As the life sciences and data science fields began to merge a few years back, DiRaimondo says his firm believed this merger would transform how investors thought about drug discovery and gene therapy investments because of the resultant lower cost, and lower risk profile, from this nascent industry. In earlier years, the life sciences field was doing core discovery science, had few products ready for market, and thus tiny revenue streams. Today, all that has changed.

Typically, the companies with which Steelwave works have real estate costs that are a small fraction of their total operating expenses, which are dominated by employee salaries. This makes it easier for these firms to have high operating margins. Yet in today’s tech world, the work-from-home wave that grew exponentially during the COVID lockdowns has led to tenants moving into and out of large office spaces that are not encumbered by debt.

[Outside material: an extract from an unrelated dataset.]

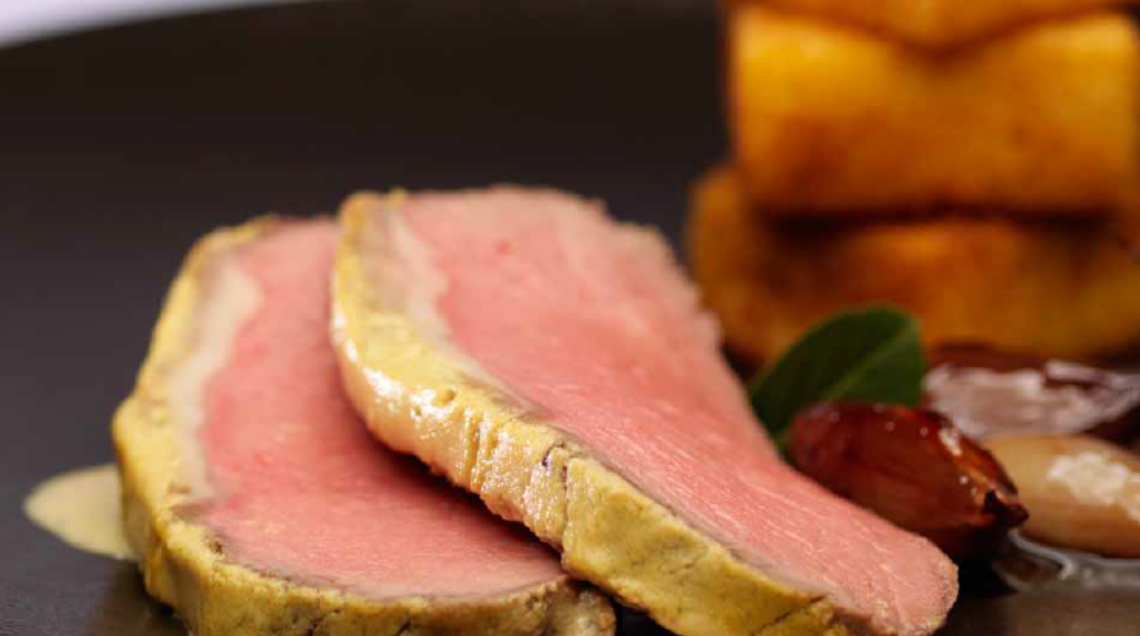 3) Passare le fette di polenta prima nella farina, poi nelle uova precedentemente sbattute e nel pangrattato. In una padella rivestita, friggere nell'olio le fette fino a farle dorare. Aggiustare il fondo di cottura del roastbeef. Tagliare la carne a fette e servirla con le fette di polenta fritte, gli scalogni caramellati e la salsa.

As these unencumbered properties become available, often at discounted prices, an asset firm tied to digital investors can acquire properties in which holders of bitcoin and other digital assets can buy into. As the properties are restocked with tenants in long-term leases, these digital currency holders gain very stable cash flows that lower their overall risks from investing only in digital currencies.

DiRaimondo acknowledged that until this market develops further, it is wiser and safer to attract large-scale investors. Fortunately, there are plenty of foreign investors in places like Dubai and Singapore (to name a couple) eager to invest in American commercial real estate, especially when properties are anchored by high-recognition high-tech firms.

Investors in these financially progressive nations understand the tech and the opportunity, whereas having that same conversation with New York-based capital funds or state pension fund managers, says DiRaimondo, “is like trying to teach calculus with a crayon.”

This new approach enables digital investors to buy and sell slices of a building or an office campus – beginning at the $1 million to $50 million level but potentially open to much smaller investments, say, from small startups in developing nations with unstable local currencies. Compared with the New York-centered real estate investment trusts (REITs), this concept offers lower fees, easier entry and exit (and thus liquidity) – and none of the inherent biases from stodgy old institutions.

DiRaimondo admits that other firms are also taking an interest in this emerging investment field, but that, he says, is a good thing, especially for lower level investors down the road. This merger of the digital and corporeal world has the potential to create a far more democratic marketplace in which even the not-so-rich can generate stable profits that undergird their own entrepreneurial endeavors.

Will the digital ecosystem supplant the current financial system? No, says DiRaimondo, “but we do think that it will augment the current system.” Digital currencies can create more frictionless transactional environments for trading interests in a wide variety of assets – not just hard assets. Moreover, it opens the door for a much broader global investor base.

And, DiRaimondo mused, it ought to be good for his business.